## TASK INSTRUCTIONS
Please retype the records below exactly, omitting any images.

## INFORMATION SHOWN
===
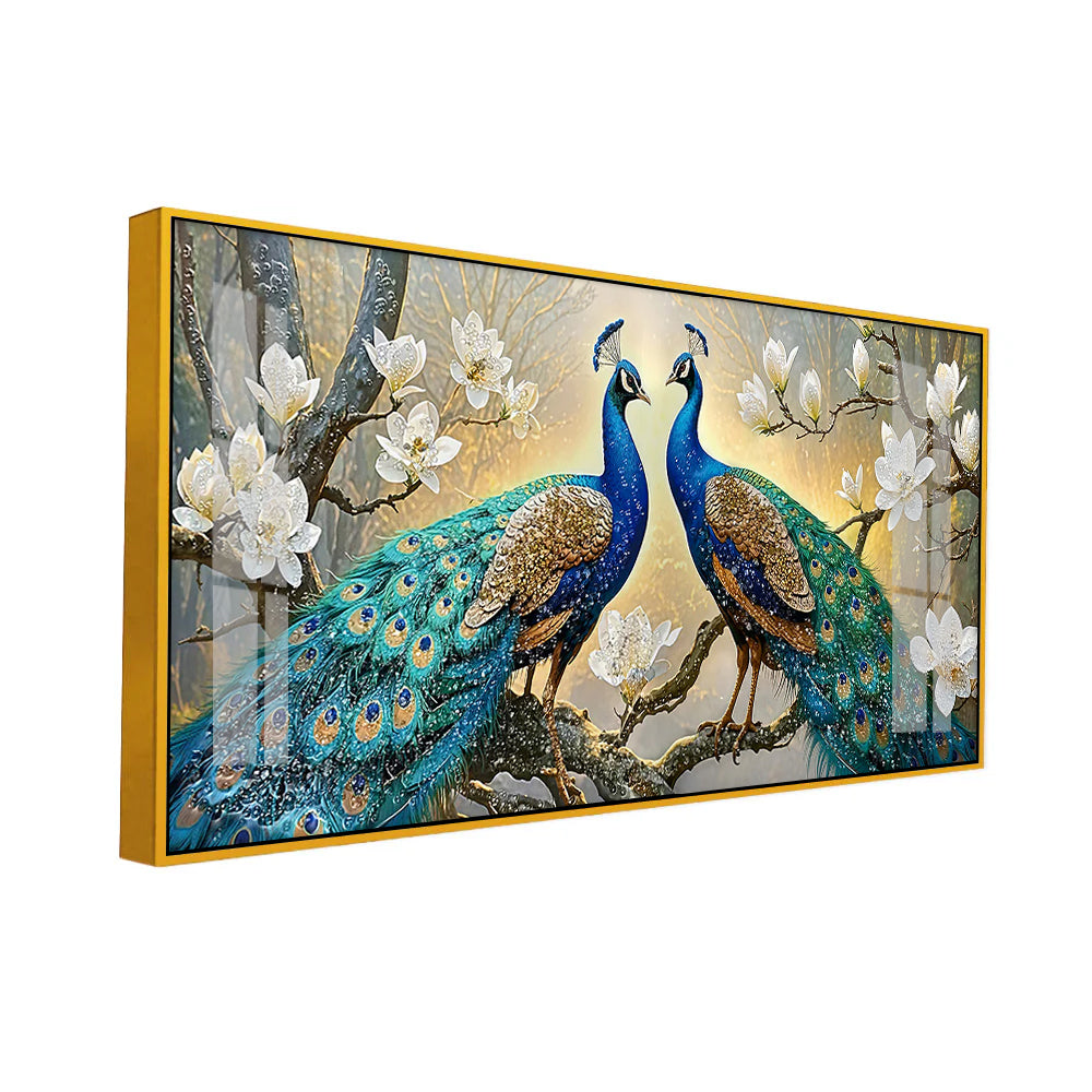 Luxury 3D Peacock Couple Wall Art - Premium Acrylic Glass Canvas painting
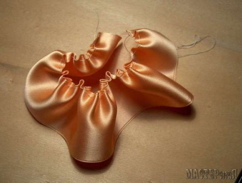 Прошейте ленту снизу небольшими стежками, как можно ближе к краю. Затем, придерживая на одном конеце ленты, с другого конца потяните за нитку, проходящую по краю, собирая ленту в складки
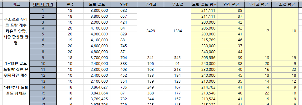 데이터 1~13번까지 200판 정도는 이렇게까지 할 생각이 없었어서 통계를 제가 대충 낸 부분이 존재합니다.
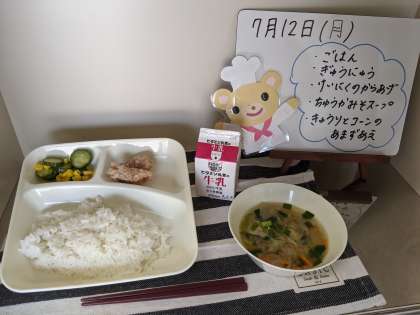 今日の給食は、ごはん、牛乳、鶏肉のからあげ、中華みそスープ、きゅうりとコーンの甘酢あえです。
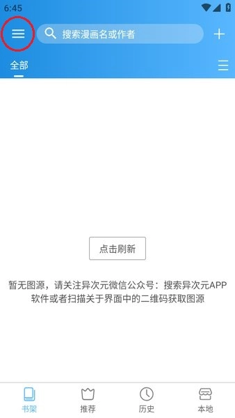 从上方的安装包地址“异次元漫画”进入,在首页点击左上角的【三】图标,接着找到【图源】选项并点击进入。
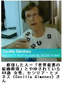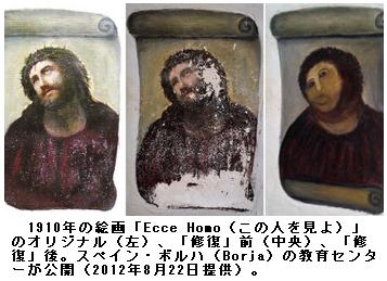 「世界最悪」の修復キリスト画に集まる賛否両論の声 ―― 【8月24日 AFP】スペインの教会にあるキリスト絵画を善意で修復し、オリジナルとは似ても似つかぬものとなってしまったことで、「世界最悪の絵画修復」とやゆされている80歳女性、セシリア・ギメネス(Cecilia Gimenez)さんが、世界的に話題の人となっている。/ギメネスさんが「修復」した絵は、北東部ボルハ(Borja)の教会にある、スペイン人画家エリアス・ガルシア・マルティネス(Elias Garcia Martinez)が1910年に描いた「Ecce Homo(この人を見よ)」。いばらの冠をかぶせられ悲しげに天を見上げるイエス・キリストを描いたこの絵も、年月とともに傷みが目立ち始めていた。そこでギメネスさんが自主的に修復を試みたところ、顔は血色の悪いサルのようで、目鼻立ちはバランスが悪く、さらには頭を毛皮が覆っているような姿となってしまい、多くの苦情が寄せられたという。/その一方で、ヒメネスさんが「修復」したキリスト画は、世界各地のネットユーザーたちに笑いのネタを提供し、スペインでは、修復された絵の顔の部分に、スペイン国王フアン・カルロス1世(Juan Carlos I)やマリアノ・ラホイ(Mariano Rajoy)首相を埋め込んだ独自のバージョンを投稿するネットユーザーも現れた。/さらに、ヒメネスさんの修復画をゴヤやムンク、モディリアニらの名画に例え、ボルハ市に原画を復元する計画を思いとどまるよう求めるオンライン嘆願書には5000人もの署名が集まった。/嘆願書サイトを立ち上げたユーザーは、修復された絵は「教会の天地創造説を巧みに批判し、新たな偶像の復活に疑問を投げかけるものだ」と同サイトでコメントしている。/だが、元のキリスト画を描いたマルティネスの孫に当たるテレサ・ガルシア(Teresa Garcia)さんは、ヒメネスさんによる修復には全く感銘していない。国営テレビRTVEのインタビューでガルシアさんは、「これまで(ヒメネスさんは)衣服以外には手をつけなかった。今回、彼女は頭部にまで手をだし、明らかに絵を台無しにしてしまった」と不満を語った。/その一方で、ヒメネスさんの妹、エスペランサ・ヒメネス・スエコ(Esperanza Gimenez Zueco)さんは、「姉は世界で最善の信仰心をもって修復に取り組んだ」とヒメネスさんを擁護しながら、「ちょっと絵心を加えたかったのでしょう」と付け加えた。 〔AFP BB News 2012年08月24日 18:09 発信地:マドリード/スペイン〕
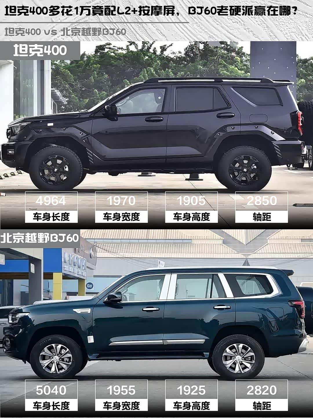 最后说价格💰 坦克400贵1万但多出:电动天窗、座椅按摩、L2辅助驾驶、更大中控屏...个人觉得这波加装超值!当然如果你就爱BJ60的经典方盒子造型,它终身免费保养的政策也挺香。
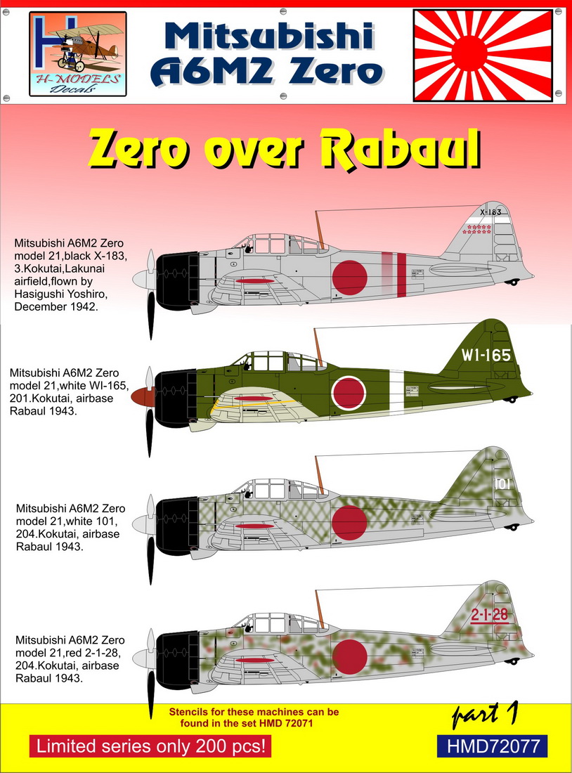 HM DECALS - 1/72 Decals Mitsubishi A6M2 Zero over Rabaul Pt.1
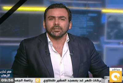 الحسيني بدأ برنامجه بالوقوف دقيقة حداد على روح بركات، الذي استشهد اليوم بعد تفجير موكبه بمنطقة مصر الجديدة.
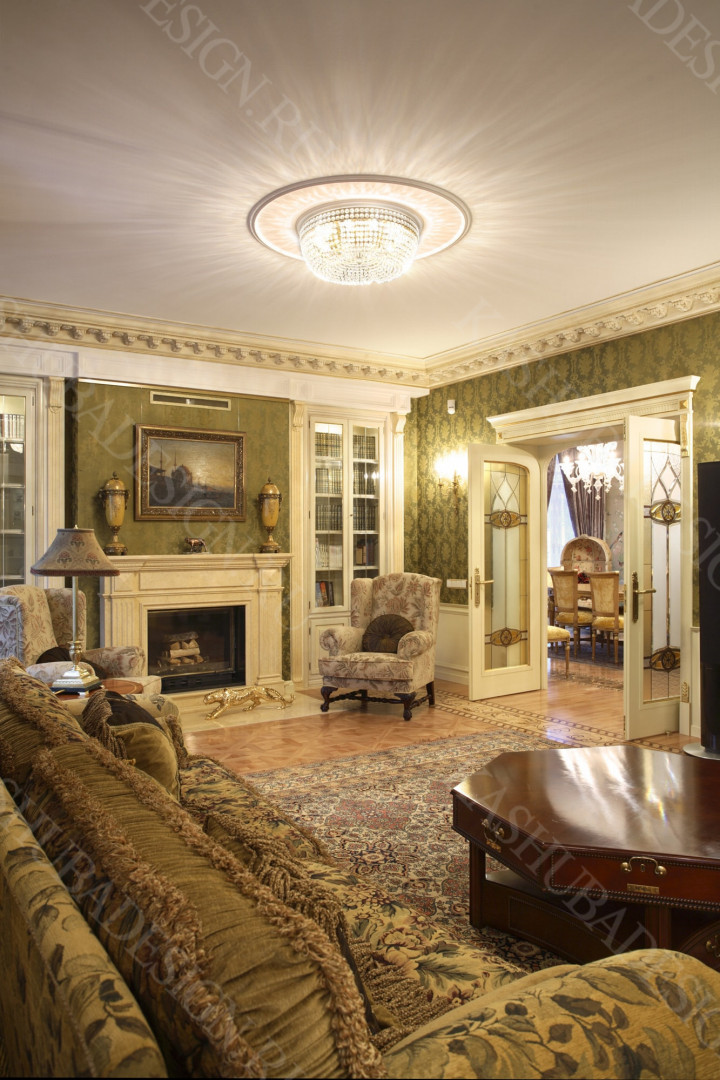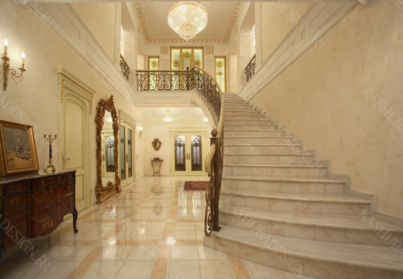 Загородная резиденция выполнена по проекту Международного бюро интерьера и архитектуры «KASHUBA DESIGN». Эта высокохудожественная изысканная классика для «рублёвки» не новость и она точно никого не портит. Трудно не согласиться с архитектором Мигелем Родригесом, дизайн меняет облик страны. Любопытно каждому познавать интерьер-люкс, возможно и себя представлять в нем. Реальный интерьер интереснее изучать и осознавать находясь непосредственно в нём, погружаясь в воздух жизни трехмерного пространства, но «вживую» видеть даже лучшие интерьеры, частную собственность, посторонние люди не могут и не должны. Здесь важны наука и технологии, как прикладные сферы высокохудожественных явлений дизайна интерьера и ландшафта, трактующие творчество расширительно.
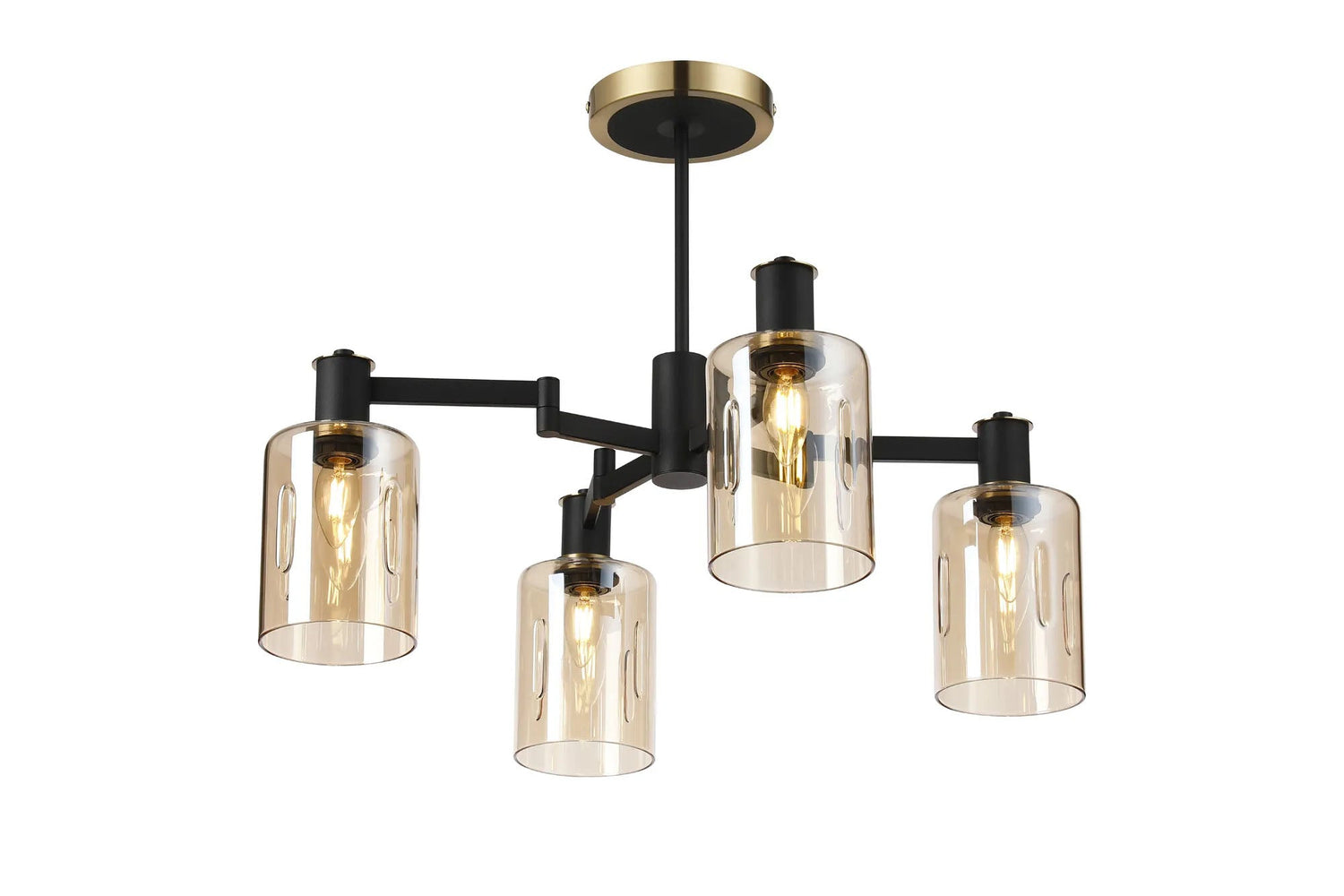 Adamson Swing Arm Semi Ceiling 4 x E14 Brass/Satin Black/Amber Uniform Dimple Cylinder Glass
===
## SOLUTION FOR THIS PROBLEM
 Luxury 3D Peacock Couple Wall Art - Premium Acrylic Glass Canvas painting
 Прошейте ленту снизу небольшими стежками, как можно ближе к краю. Затем, придерживая на одном конеце ленты, с другого конца потяните за нитку, проходящую по краю, собирая ленту в складки
 데이터 1~13번까지 200판 정도는 이렇게까지 할 생각이 없었어서 통계를 제가 대충 낸 부분이 존재합니다.
 今日の給食は、ごはん、牛乳、鶏肉のからあげ、中華みそスープ、きゅうりとコーンの甘酢あえです。
 从上方的安装包地址“异次元漫画”进入,在首页点击左上角的【三】图标,接着找到【图源】选项并点击进入。
 「世界最悪」の修復キリスト画に集まる賛否両論の声 ―― 【8月24日 AFP】スペインの教会にあるキリスト絵画を善意で修復し、オリジナルとは似ても似つかぬものとなってしまったことで、「世界最悪の絵画修復」とやゆされている80歳女性、セシリア・ギメネス(Cecilia Gimenez)さんが、世界的に話題の人となっている。/ギメネスさんが「修復」した絵は、北東部ボルハ(Borja)の教会にある、スペイン人画家エリアス・ガルシア・マルティネス(Elias Garcia Martinez)が1910年に描いた「Ecce Homo(この人を見よ)」。いばらの冠をかぶせられ悲しげに天を見上げるイエス・キリストを描いたこの絵も、年月とともに傷みが目立ち始めていた。そこでギメネスさんが自主的に修復を試みたところ、顔は血色の悪いサルのようで、目鼻立ちはバランスが悪く、さらには頭を毛皮が覆っているような姿となってしまい、多くの苦情が寄せられたという。/その一方で、ヒメネスさんが「修復」したキリスト画は、世界各地のネットユーザーたちに笑いのネタを提供し、スペインでは、修復された絵の顔の部分に、スペイン国王フアン・カルロス1世(Juan Carlos I)やマリアノ・ラホイ(Mariano Rajoy)首相を埋め込んだ独自のバージョンを投稿するネットユーザーも現れた。/さらに、ヒメネスさんの修復画をゴヤやムンク、モディリアニらの名画に例え、ボルハ市に原画を復元する計画を思いとどまるよう求めるオンライン嘆願書には5000人もの署名が集まった。/嘆願書サイトを立ち上げたユーザーは、修復された絵は「教会の天地創造説を巧みに批判し、新たな偶像の復活に疑問を投げかけるものだ」と同サイトでコメントしている。/だが、元のキリスト画を描いたマルティネスの孫に当たるテレサ・ガルシア(Teresa Garcia)さんは、ヒメネスさんによる修復には全く感銘していない。国営テレビRTVEのインタビューでガルシアさんは、「これまで(ヒメネスさんは)衣服以外には手をつけなかった。今回、彼女は頭部にまで手をだし、明らかに絵を台無しにしてしまった」と不満を語った。/その一方で、ヒメネスさんの妹、エスペランサ・ヒメネス・スエコ(Esperanza Gimenez Zueco)さんは、「姉は世界で最善の信仰心をもって修復に取り組んだ」とヒメネスさんを擁護しながら、「ちょっと絵心を加えたかったのでしょう」と付け加えた。 〔AFP BB News 2012年08月24日 18:09 発信地:マドリード/スペイン〕
 最后说价格💰 坦克400贵1万但多出:电动天窗、座椅按摩、L2辅助驾驶、更大中控屏...个人觉得这波加装超值!当然如果你就爱BJ60的经典方盒子造型,它终身免费保养的政策也挺香。
 HM DECALS - 1/72 Decals Mitsubishi A6M2 Zero over Rabaul Pt.1
 الحسيني بدأ برنامجه بالوقوف دقيقة حداد على روح بركات، الذي استشهد اليوم بعد تفجير موكبه بمنطقة مصر الجديدة.
 Загородная резиденция выполнена по проекту Международного бюро интерьера и архитектуры «KASHUBA DESIGN». Эта высокохудожественная изысканная классика для «рублёвки» не новость и она точно никого не портит. Трудно не согласиться с архитектором Мигелем Родригесом, дизайн меняет облик страны. Любопытно каждому познавать интерьер-люкс, возможно и себя представлять в нем. Реальный интерьер интереснее изучать и осознавать находясь непосредственно в нём, погружаясь в воздух жизни трехмерного пространства, но «вживую» видеть даже лучшие интерьеры, частную собственность, посторонние люди не могут и не должны. Здесь важны наука и технологии, как прикладные сферы высокохудожественных явлений дизайна интерьера и ландшафта, трактующие творчество расширительно.
 Adamson Swing Arm Semi Ceiling 4 x E14 Brass/Satin Black/Amber Uniform Dimple Cylinder Glass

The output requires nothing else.